Believing that something worthwhile will be had in searching out the basic, the fundamental, the essential, before you see it, is perhaps the important point here. 

Hope believes that vision will play out meaningfully, given the chance; even in the simplest exercise.

Ideation Drawing, 2013, 8 1/2" x 11"

Studies for "Discovering the Broken Obelisk", 2013, The Art Library, Brooklyn, NY

Who knew that this ideation would lead to a complete break from 25 years of abstract expressionist/surrealist artwork?  Nearly 5 years later I continue investigating related imagery alluding to order and peace beyond our everyday experience.


"Oblique Tetrahedron", 2017, 36", Welded Steel with Powder Coat Finish,  © James Thatcher

http://jtnwdc.wixsite.com/jamesthatcherarts

  


Saturday, March 16, 2013

Andrew Warhola


Concerning Andy Warhol

           I never met Andy Warhol but I was removed from his presence once.
 
 
 

But that presence seems to inhabit plenty of art work these days…my own included.   Whether I am manufacturing cabinets or knocking out dozens of paintings, the foray into production work hearkens to that 60’s Factory aesthetic; and pays homage. 
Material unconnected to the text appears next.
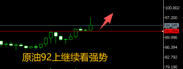 原油昨天整体走势震荡慢涨,还是偏强势的,虽然我们多单没进场,但思路很正确。日内继续看涨,点位上需要强势一点,给出93.5-93直接多,现价是94.3,大家对照合约去进场就好,防守放在91,看97-99!

I’m surprised to consider The Factory as a precursor to some classic Minimalist artists and their use of industrial practices.  Picture their artwork (as different as it could be both visually and in attitude) as being directly influenced by Warhol:  The cube sculptures of Sol LeWit, the boxes of Donald Judd…He brought multiple imagery to contemporary art, as well as mass production, although the cited Minimalists pursued different ends and means.  Curious….

Portraits of Campbell soup cans (or was that Still Life?) were the uncomfortable birth of something different; made more so by its proximity to the triumph of Abstract Expressionism.  In the immediate wake of the introspective Abstract Expressionists came one who depicted the plainly visible world in iconic fashion. 

Similar to The Ashcan School, with its own depictions of the everyday, Warhol also staked out the territory of everyday life (the boring) as subject matter; as well as the controversy of “urban realism”*.  Consider the early Warhol as an extension of this classic New York interpretation of art/life….

Fun stuff!  …And what about Mr. Brainwash!?